Directions :: Using the entries that follow, transcribe only the lines from the line with "Přízemí: zádveří, obývací" to the line with "Programa FERUM (Fondo", both included, exactly as they stand and without pictures.

Stored entries ::
§
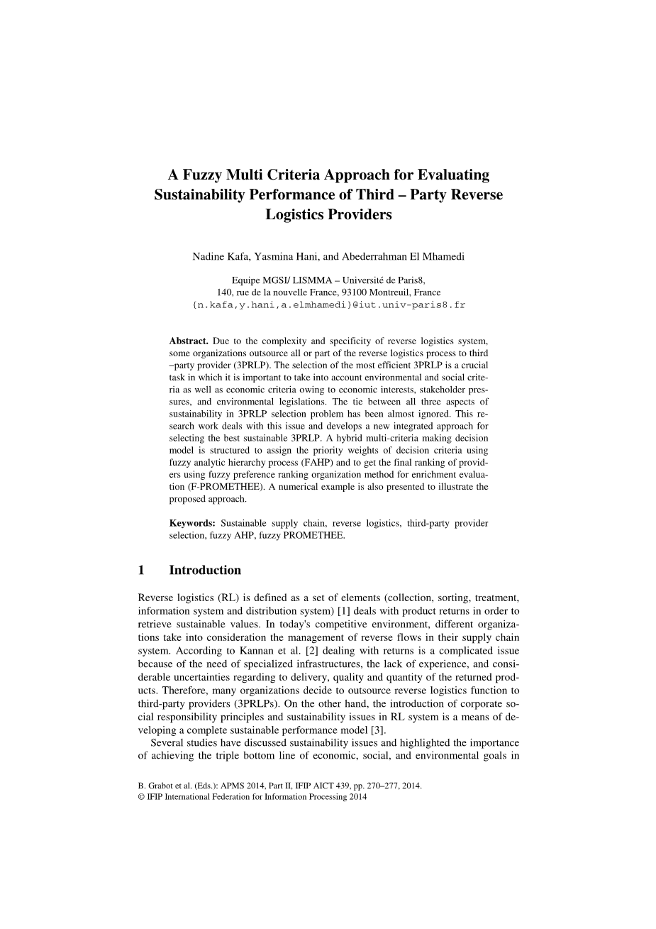 下一节介绍了混合模糊层次分析-多属性决策法来评价第三方逆向物流供应商的可持续发展绩效;第三节举例说明并进行结果分析;最后文章得出结论。
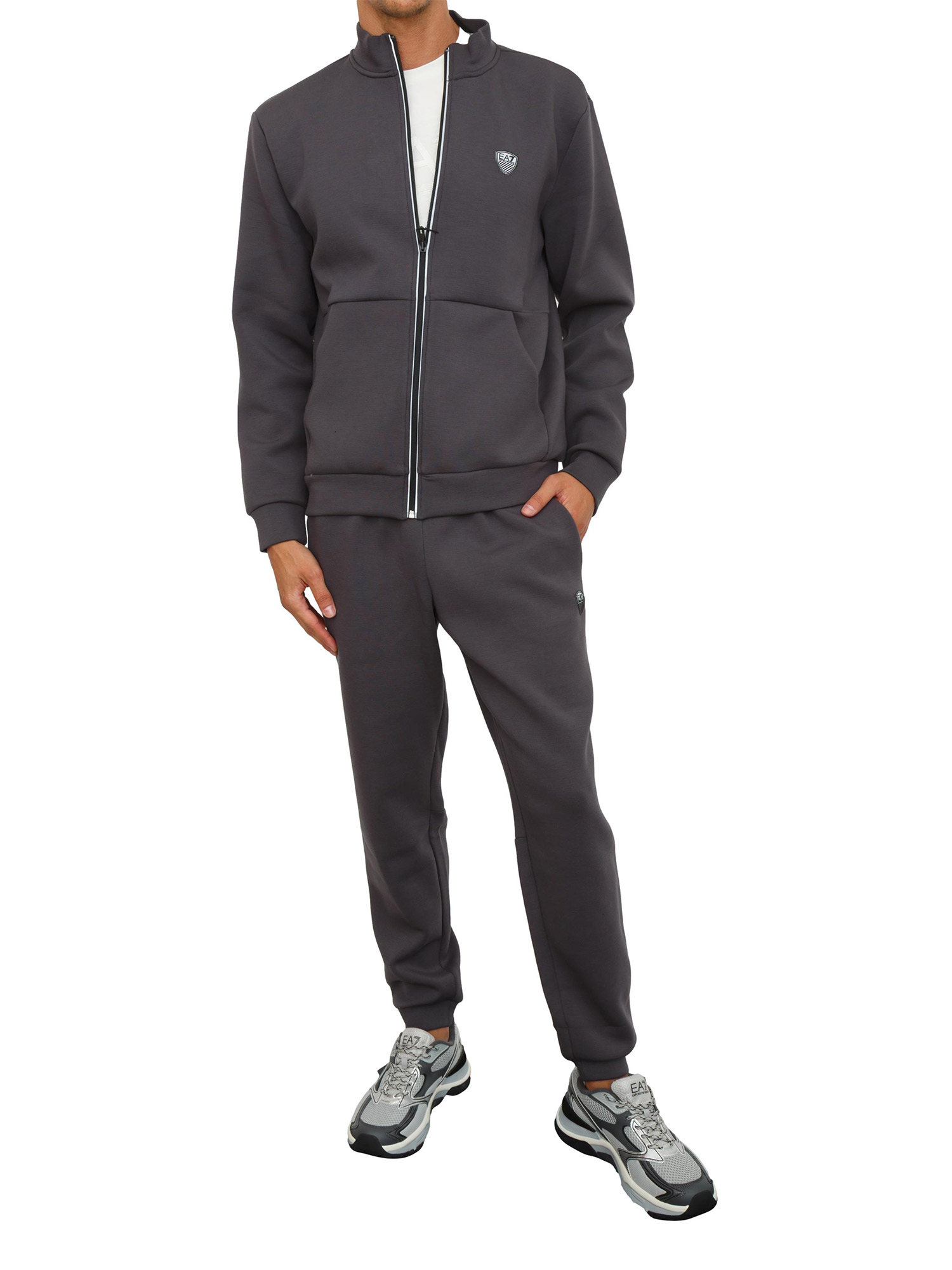 Tuta realizzata in misto viscosa stretch, dalla vestibilità regular e confortevole. Il modello si compone di una felpa con collo montante e chiusura con zip e un pantalone jogger con coulisse, entrambi personalizzati dal patch con logo scudetto EA7.
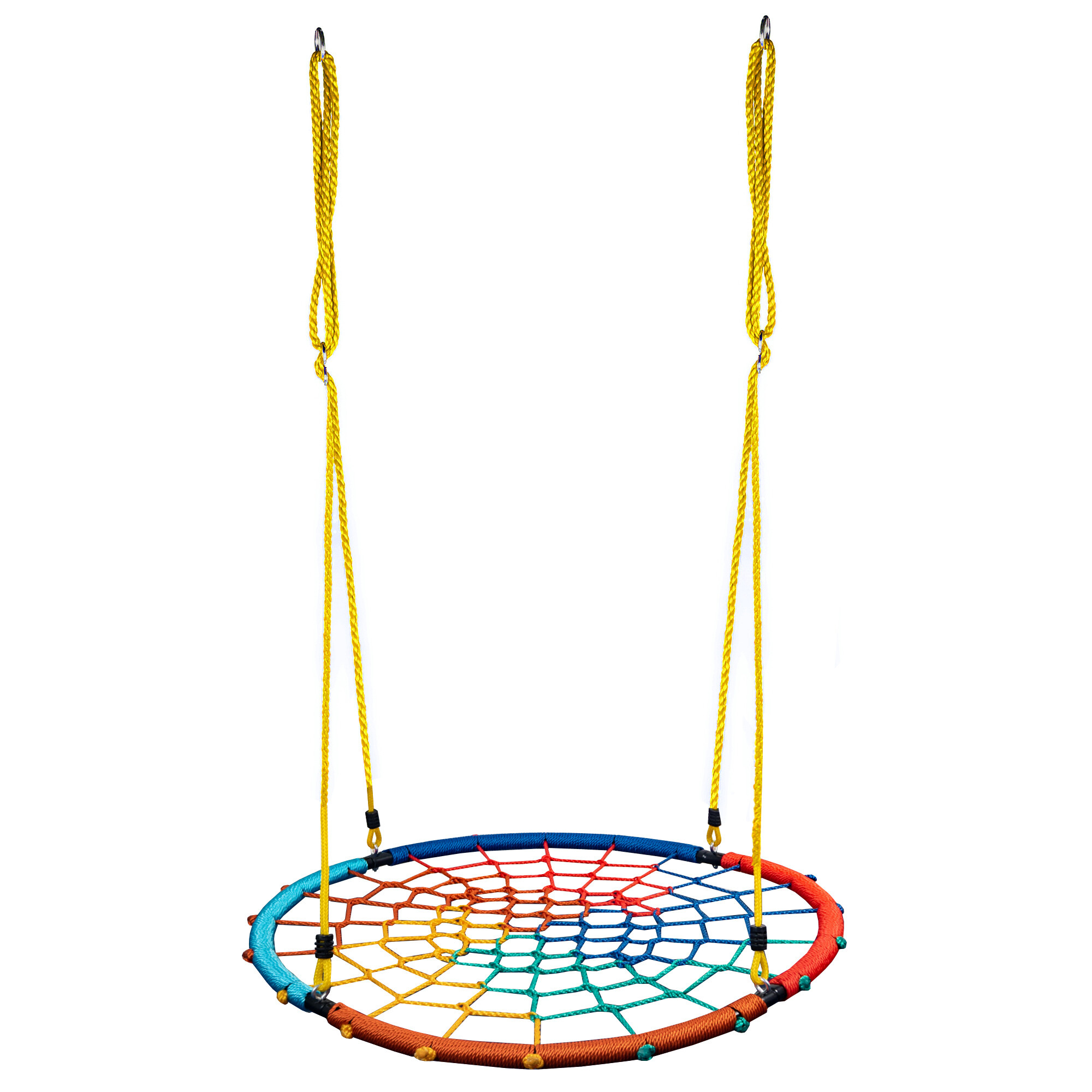 Sedák je vypletený provazovou sítí, kovový rám je rovněž chráněný provazem. Výšku houpacího kruhu lze plynule nastavit pomocí závěsných lan.
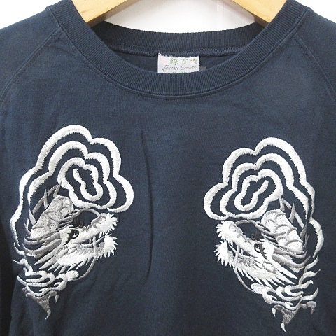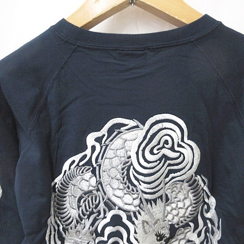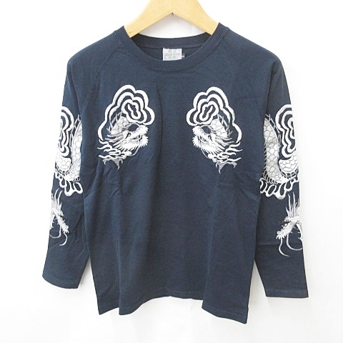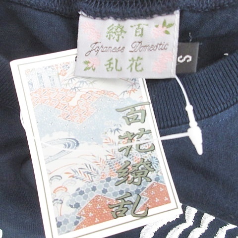 未使用品 百花繚乱 Tシャツ ロンT 長袖 丸首 刺繍 龍 綿 紺 ネイビー S メンズ
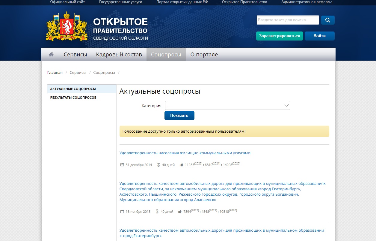 На портале «Открытое Правительство Свердловской области»: http://open.midural.ru/ функционирует раздел « Соцопросы », где гражданам предоставлена возможность участия в опросах по оценке населением эффективности деятельности руководителей органов местного самоуправления муниципальных образований, расположенных на территории Свердловской области.
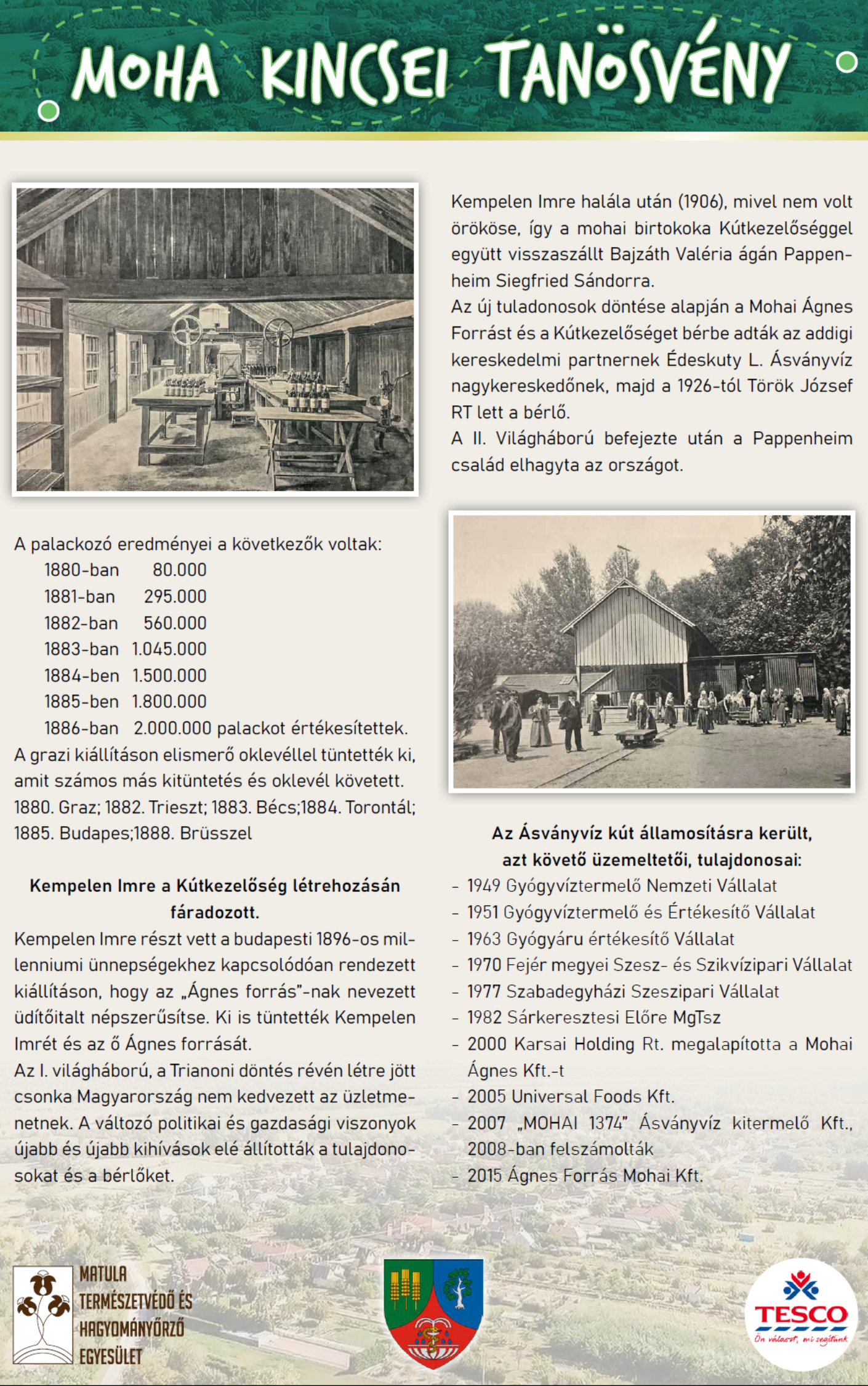Kempelen Imre a Kútkezelőség létrehozásán fáradozott. Részt vett a budapesti 1896-os millenniumi ünnepségekhez kapcsolódóan rendezett kiállításon , hogy az „Ágnes forrás”-nak nevezett üdítőitalt népszerűsítse. Ki is tüntették Kempelen Imrét és az ő Ágnes forrását .
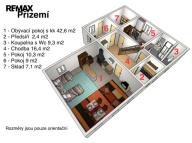 Přízemí: zádveří, obývací pokoj s kuchyňským koutem (2+kk), koupelna s WC, samostatný pokoj, veranda, sklep, vstup na zahradu.
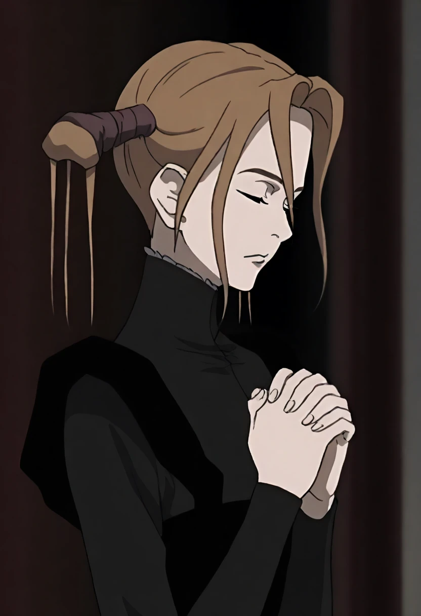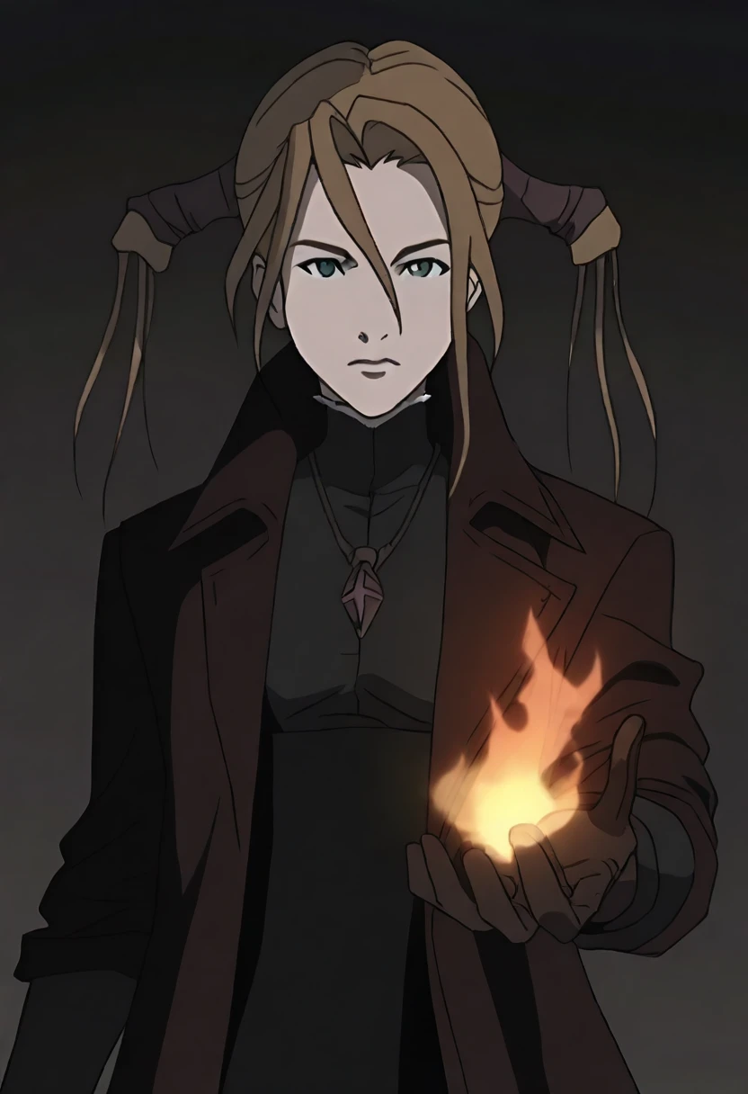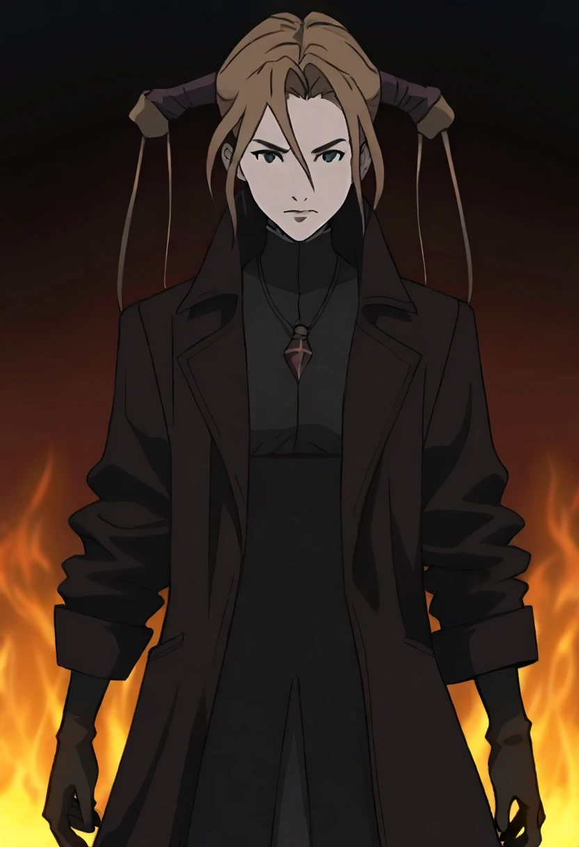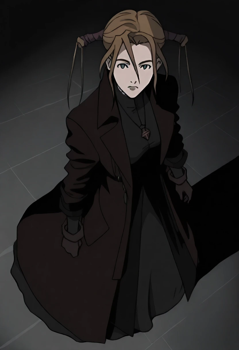 robin sena, overcoat, black dress, gloves, necklace
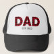 Um PAI de letra de bloqueio moderno com uma xadrez vermelha e negra de búfalos. Há um texto de acompanhamento para acrescentar o ano em que ele se tornou pai. As outras letras do alfabeto estão ocultas se você quiser personalizar este design.
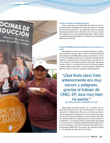 Programa FERUM (Fondo de electrificación rural urbano-marginal) Este programa tiene como propósito beneficiar a sectores ubicados en zonas rurales y urbano-marginales dentro del área de servicio de CNEL EP. El programa contempla la construcción de redes de distribución, instalación de sistemas de medición y provisión de alumbrado público, que permite sin duda, mejorar la calidad de vida de los habitantes, atendiendo de esta manera a las viviendas que por primera vez acceden al servicio eléctrico, se mejora a las que disponen del servicio eléctrico y se normalizan en aquellos casos requeridos.
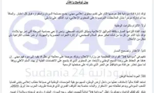 أكدت إدارة قناة “سودانية 24” التزامها بتقديم محتوى إعلامي مهني يضع مصلحة السودان واستقراره في مقدمة أولوياتها، مشددة على تمسكها بالشفافية والمسؤولية الوطنية في ظل الملاحظات التي وردت بشأن بعض المواد الإعلامية.
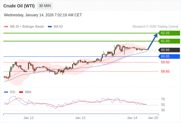 在 60.05 之上,看涨,目标价位为 61.50 ,然后为 62.25 。
§
Exercise answer ::
 Přízemí: zádveří, obývací pokoj s kuchyňským koutem (2+kk), koupelna s WC, samostatný pokoj, veranda, sklep, vstup na zahradu.
 robin sena, overcoat, black dress, gloves, necklace
 Um PAI de letra de bloqueio moderno com uma xadrez vermelha e negra de búfalos. Há um texto de acompanhamento para acrescentar o ano em que ele se tornou pai. As outras letras do alfabeto estão ocultas se você quiser personalizar este design.
 Programa FERUM (Fondo de electrificación rural urbano-marginal) Este programa tiene como propósito beneficiar a sectores ubicados en zonas rurales y urbano-marginales dentro del área de servicio de CNEL EP. El programa contempla la construcción de redes de distribución, instalación de sistemas de medición y provisión de alumbrado público, que permite sin duda, mejorar la calidad de vida de los habitantes, atendiendo de esta manera a las viviendas que por primera vez acceden al servicio eléctrico, se mejora a las que disponen del servicio eléctrico y se normalizan en aquellos casos requeridos.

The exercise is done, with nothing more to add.